PEKANBARU, kabarmelayu.com - Kegagalan Pemerintah Provinsi Riau membangun flyover di persimpangan Jalan Soekarno-Hatta –Jalan Tuanku Tambusai atau Simpang SKA masih menjadi perhatian serius. Walaupun gagal dibangun tahun depan, pemerintah diminta tidak menyurutkan niatnya.
Jika permasalahan yang dihadapi adalah soal lahan yang tidak sesuai dengan desain yang telah dibuat, maka pengamat tata kota Universitas Riau Dr Ir Muhammad Ikhsan menyebutkan, desain flyover bisa diulang.
Ikhsan menyebutkan, pembangunan flyover di titik persimpangan padat tersebut tidak boleh ditunda lagi. Karena akan ada potensi macet luar biasa dalam satu atau dua tahun ke depan. Dirinya yakin, flyover bisa didesain ulang dalam jangka waktu satu tahun saja.
‘’Yang sedikit mengkhawatirkan mungkin adalah soal kewenangannya, karena saya khawatir itu jalan nasional. Tapi yang punya kewajiban tetap pemerintah kota dan pemerintah provinsi. Keduanya harus bisa bekerja sama mengusahakan pembangunan secepatnya. Desain dan segala macam katakanlah satu tahun, berarti tahun depannya (2018, red) sudah bisa ditenderkan lagi,’’ sebut Ikhsan.

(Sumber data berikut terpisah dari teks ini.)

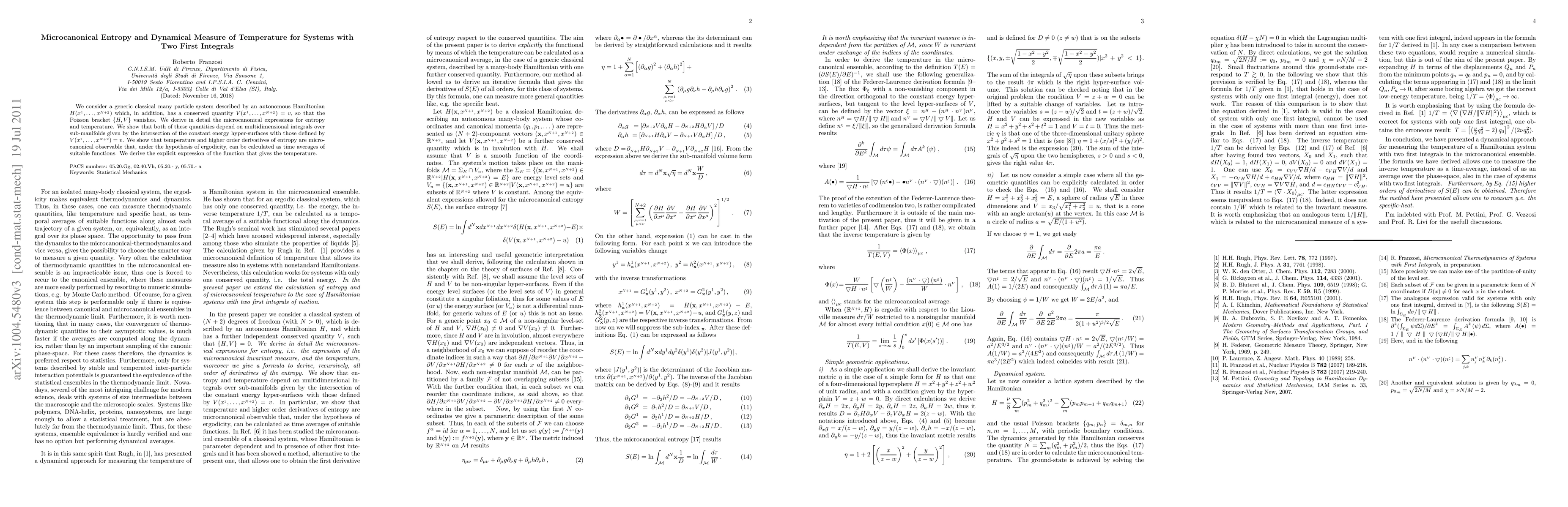 We consider a generic classical many particle system described by an autonomous Hamiltonian $H(x^{_1},...,x^{_{N+2}})$ which, in addition, has a conserved quantity $V(x^{_1},...,x^{_{N+2}})=v$, so that the Poisson bracket $\{H,V \}$ vanishes. We derive in detail the microcanonical expressions for entropy and temperature. We show that both of these quantities depend on multidimensional integrals over submanifolds given by the intersection of the constant energy hypersurfaces with those defined by $V(x^{_1},...,x^{_{N+2}})=v$. We show that temperature and higher order derivatives of entropy are microcanonical observable that, under the hypothesis of ergodicity, can be calculated as time averages of suitable functions. We derive the explicit expression of the function that gives the temperature.

Ia menambahkan, bentuk flyover yang cocok untuk persimpangan tersebut bisa macam-macam. Menurutnya, saat desain nanti tinggal pilih saja.
Dirinya begitu menekankan peran Pemerintah Kota (Pemko) Pekanbaru dan Pemerintah Provinsi (Pemprov) sebagai pengusul dan merancang rencana. Sangat disayangkan di persimpangan tersebut akan segera selesai setidaknya tiga gedung baru, Swiss Bel Hotel, Living World dan juga Transmart. Kondisi itu tentu menambah padat persimpangan. Berkaca kepada Sumatera Barat yang mampu membangun flyover Kelok Sembilan, seharusnya kedua pemerintah yang berwenang juga mampu membangun flyover Simpang SKA yang lebih kecil.